Below are some records. Return exactly their lines from the one containing "Botki damskie skórzane" through the one containing "معقول: عقل، قوة", and drop the pictures.

(Beginning of INPUT MATERIAL)

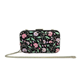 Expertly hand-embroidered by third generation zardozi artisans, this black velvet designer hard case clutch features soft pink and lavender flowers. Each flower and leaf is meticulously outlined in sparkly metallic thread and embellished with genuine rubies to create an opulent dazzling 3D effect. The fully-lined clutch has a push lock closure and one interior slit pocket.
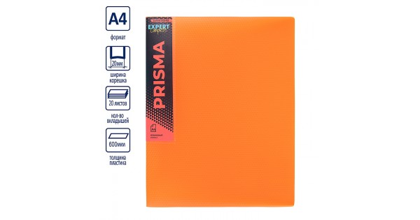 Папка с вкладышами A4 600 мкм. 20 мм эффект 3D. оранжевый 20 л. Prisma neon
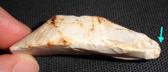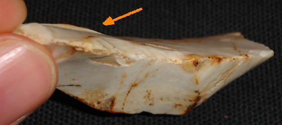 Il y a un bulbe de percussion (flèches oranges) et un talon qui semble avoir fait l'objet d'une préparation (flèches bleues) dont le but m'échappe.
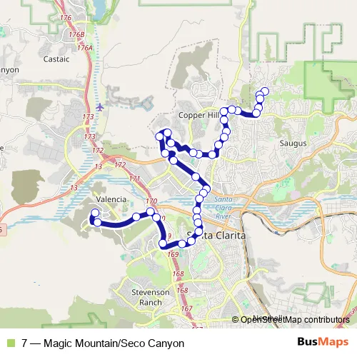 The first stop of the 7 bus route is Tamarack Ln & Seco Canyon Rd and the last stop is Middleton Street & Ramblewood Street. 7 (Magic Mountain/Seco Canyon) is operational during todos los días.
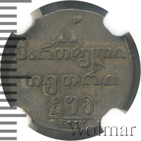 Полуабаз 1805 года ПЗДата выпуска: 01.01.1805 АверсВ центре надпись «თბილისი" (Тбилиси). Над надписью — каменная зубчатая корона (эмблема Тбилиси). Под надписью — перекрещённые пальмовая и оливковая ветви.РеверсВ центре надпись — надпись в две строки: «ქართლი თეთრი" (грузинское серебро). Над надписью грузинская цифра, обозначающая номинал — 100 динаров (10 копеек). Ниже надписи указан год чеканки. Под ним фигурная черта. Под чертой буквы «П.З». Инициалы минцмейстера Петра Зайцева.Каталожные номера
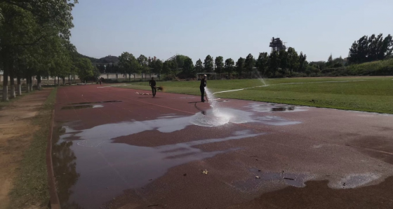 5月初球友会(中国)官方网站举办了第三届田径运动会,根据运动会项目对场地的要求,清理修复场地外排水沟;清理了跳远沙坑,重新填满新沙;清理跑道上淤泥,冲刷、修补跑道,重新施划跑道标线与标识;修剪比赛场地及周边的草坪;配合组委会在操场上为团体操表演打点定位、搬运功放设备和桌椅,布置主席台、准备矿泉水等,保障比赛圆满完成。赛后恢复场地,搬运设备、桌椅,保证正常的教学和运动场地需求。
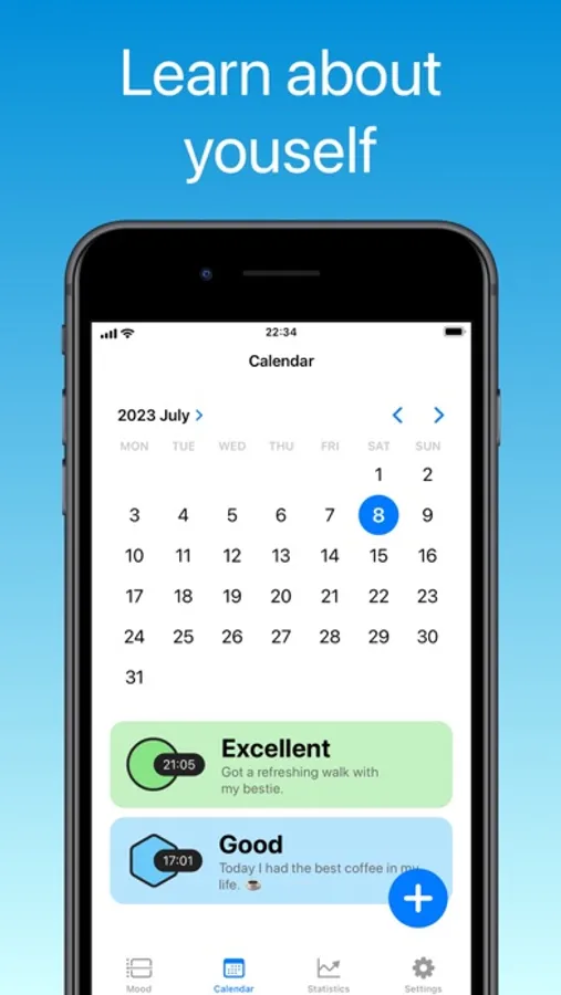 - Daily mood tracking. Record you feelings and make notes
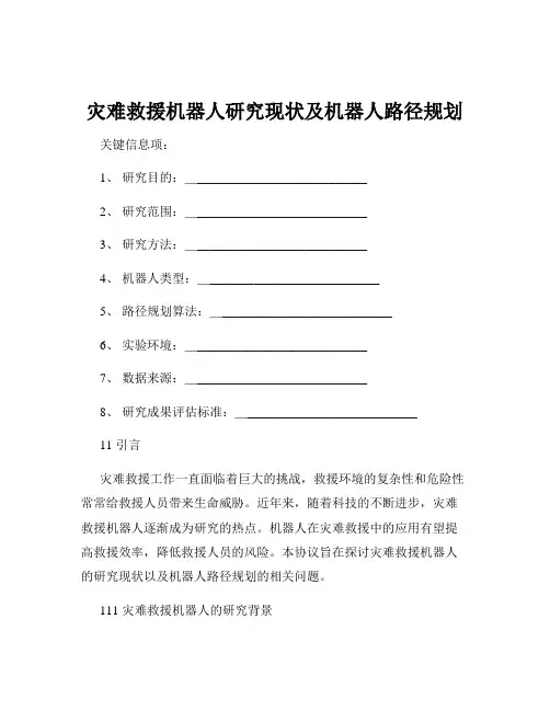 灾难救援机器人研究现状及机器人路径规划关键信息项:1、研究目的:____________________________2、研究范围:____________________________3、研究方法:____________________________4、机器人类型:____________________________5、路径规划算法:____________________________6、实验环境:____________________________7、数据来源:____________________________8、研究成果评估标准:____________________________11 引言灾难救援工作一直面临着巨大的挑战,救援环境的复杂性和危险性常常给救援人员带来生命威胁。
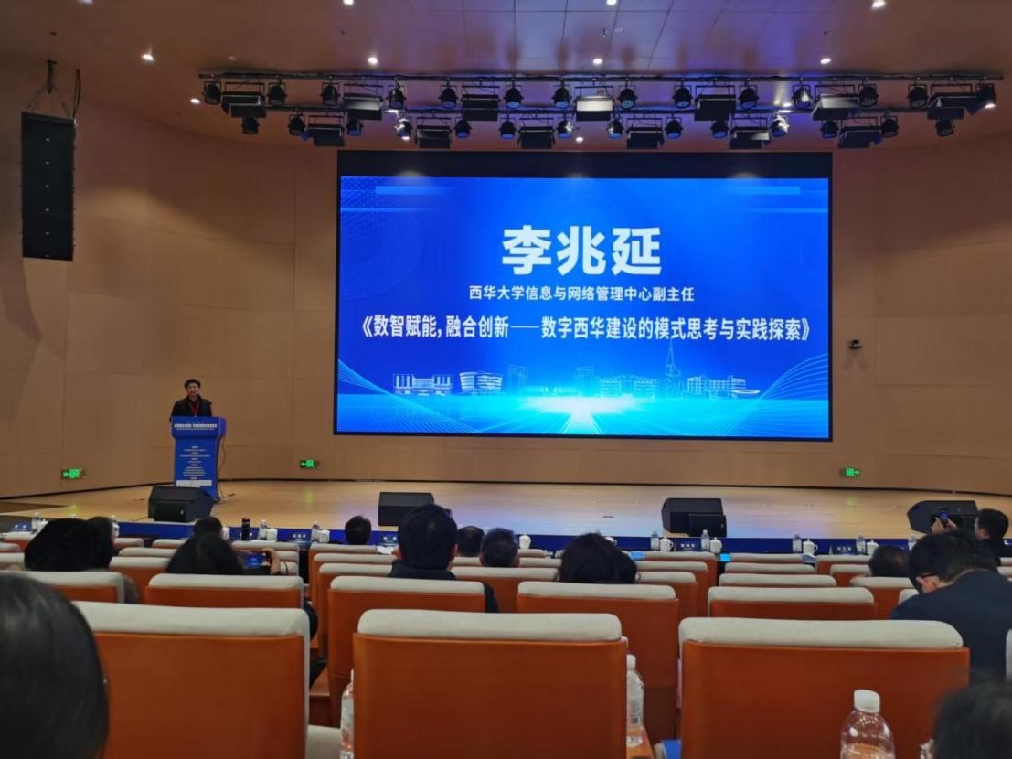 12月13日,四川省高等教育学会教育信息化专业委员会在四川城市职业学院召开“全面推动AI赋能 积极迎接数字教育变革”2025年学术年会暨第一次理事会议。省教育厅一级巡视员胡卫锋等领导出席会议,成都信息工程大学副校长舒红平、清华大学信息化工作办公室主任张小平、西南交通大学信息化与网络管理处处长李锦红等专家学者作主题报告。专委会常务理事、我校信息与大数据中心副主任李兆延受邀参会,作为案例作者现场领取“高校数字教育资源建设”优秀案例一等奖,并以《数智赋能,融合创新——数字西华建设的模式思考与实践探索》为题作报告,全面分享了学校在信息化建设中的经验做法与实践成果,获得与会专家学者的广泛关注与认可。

(End of INPUT MATERIAL)
(Beginning of INPUT MATERIAL)

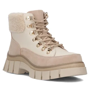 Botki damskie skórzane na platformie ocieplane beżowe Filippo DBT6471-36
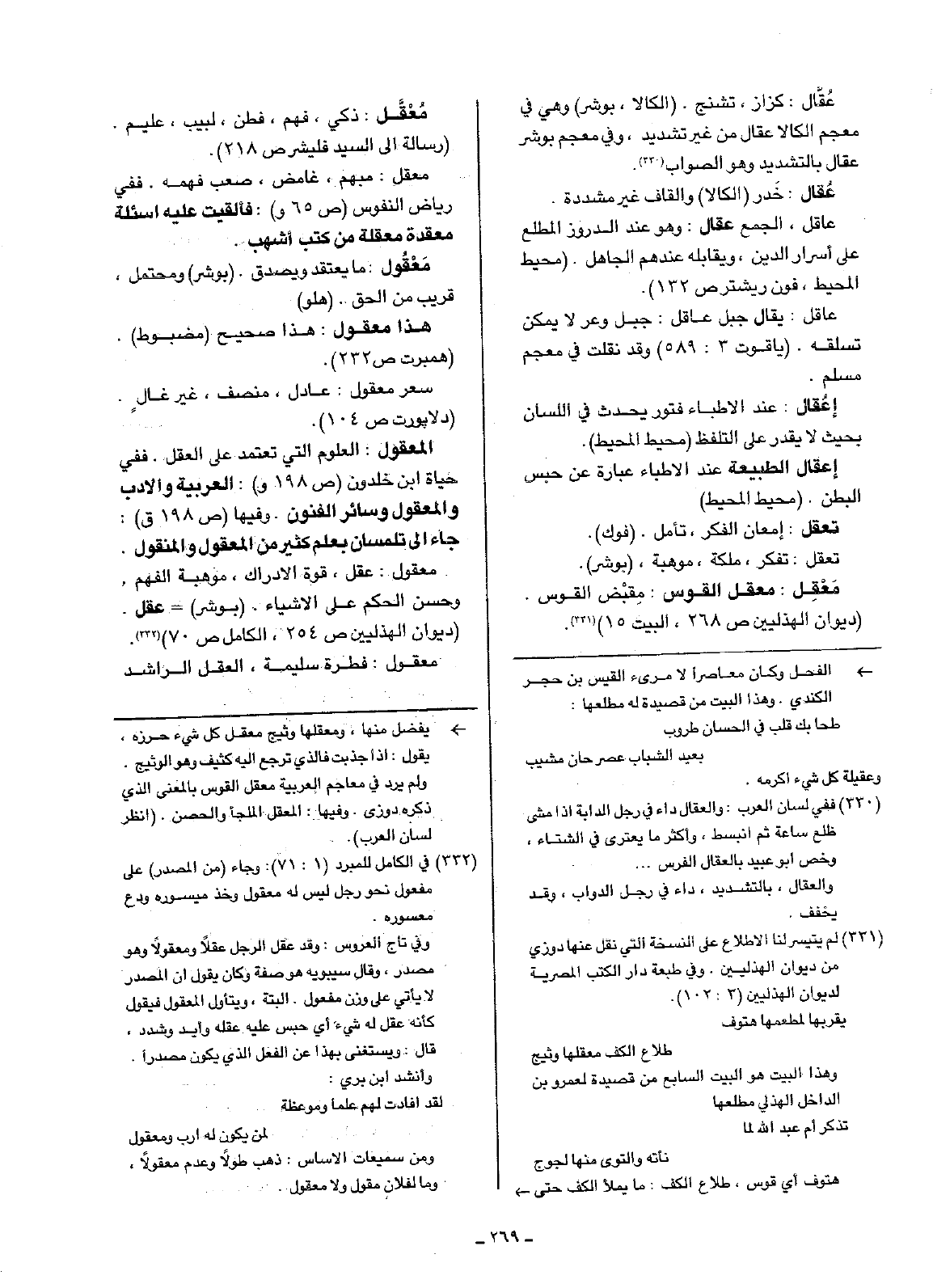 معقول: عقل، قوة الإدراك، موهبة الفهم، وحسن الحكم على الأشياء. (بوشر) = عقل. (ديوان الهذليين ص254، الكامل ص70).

(End of INPUT MATERIAL)

▸ **RESPONSE**:
 Botki damskie skórzane na platformie ocieplane beżowe Filippo DBT6471-36
 معقول: عقل، قوة الإدراك، موهبة الفهم، وحسن الحكم على الأشياء. (بوشر) = عقل. (ديوان الهذليين ص254، الكامل ص70).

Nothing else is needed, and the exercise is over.